A report as a follow up to the oil sector probes specifically the Petroleum Revenue Special Taskforce. It x-rays the NNPC’s opaque oil swap deals and the Domestic Crude Sale agreements and conditions, which has cost the country billions of dollars in revenue.

Topic: How systemic loopholes in the opaque domestic crude oil sales cost Nigeria billions in revenue.

Written by: David Ajikobi

Voiced by: Victor Ororhorho and Tolu Adeleru-Balogun

Studio production by: Adetola Adeogun

SFX Honk! Honk! [Fuel station conversation]

“Oga! Oya move forward, na your turn.” Said Adekunle Abass, a 27 year-old fuel attendant at one the NNPC mega stations in Lagos. [Noisy, traffic ambience]

His customer is obviously still not used to buying fuel at N97 per litre as he rants about the many troubles of Nigeria including the exorbitant pump price of petrol despite the country’s status as a major oil producer. “How can we be buying fuel for this much?

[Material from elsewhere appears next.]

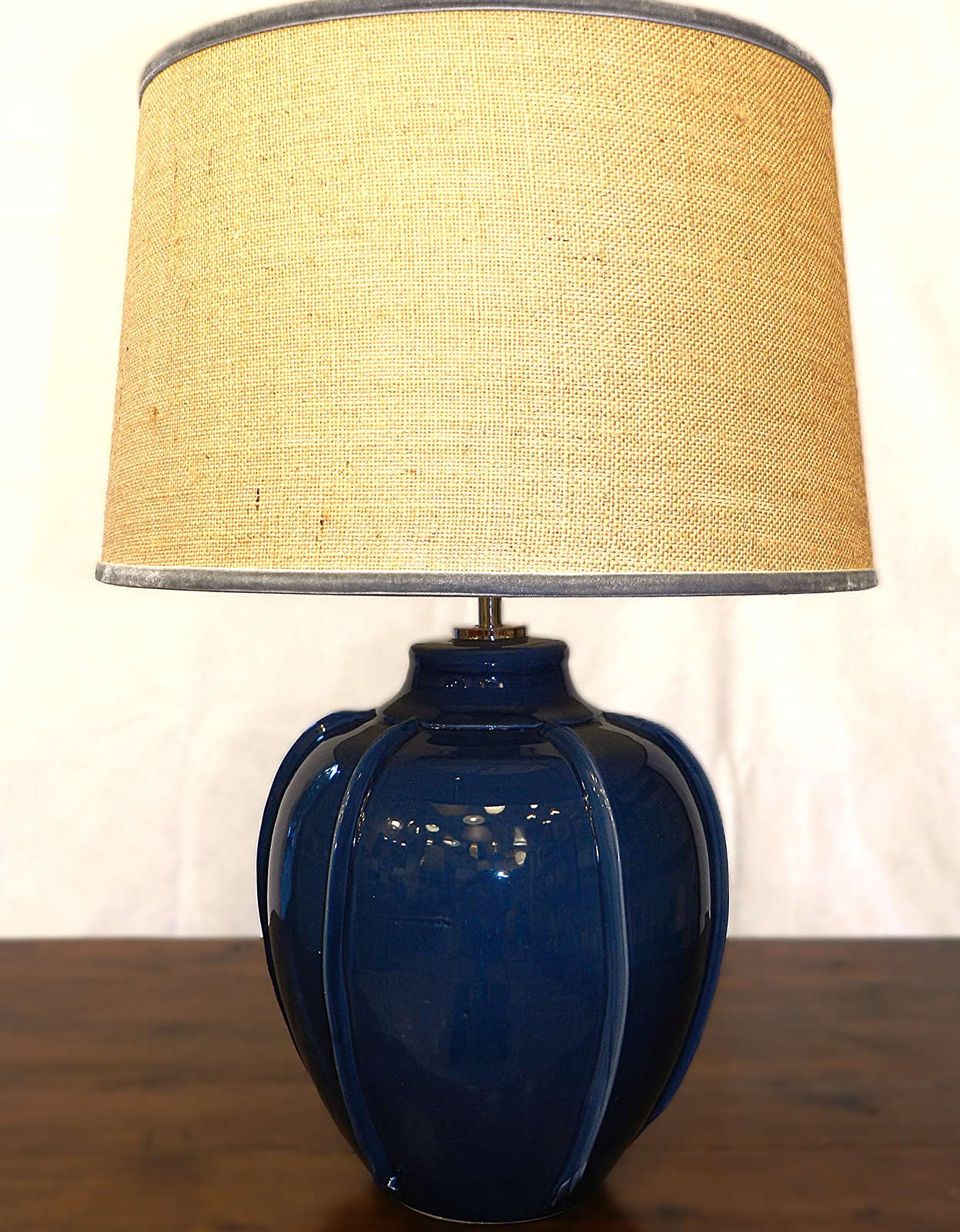 - Lampada da tavolo in ceramica lavorata a mano e paralume in juta

The subsidy na fraud, NNPC na fraud, why we no dey see all the money sef? Shebi Sanusi talk say $20bn oil money don waka!”

Adekunle couldn’t but nod in agreement.

[Pause followed by solemn music 2secs]

On a cursory look, everyone would agree that Nigeria has become increasingly dependent on income from crude oil for more than 35 years. The Nigeria Bureau of Statistics says the country in the last 31 years, has earned 51.50 trillion naira from oil. Between 2000 and 2011 alone, the green and white nation earned 48.40 trillion from oil. In April, the country rebased its GDP, which now stands at $509.9 billion dollars, making it the biggest economy in Africa. However, the new calculations also reveal a stark reality that the amount of revenue lost and stolen is even worse than imagined.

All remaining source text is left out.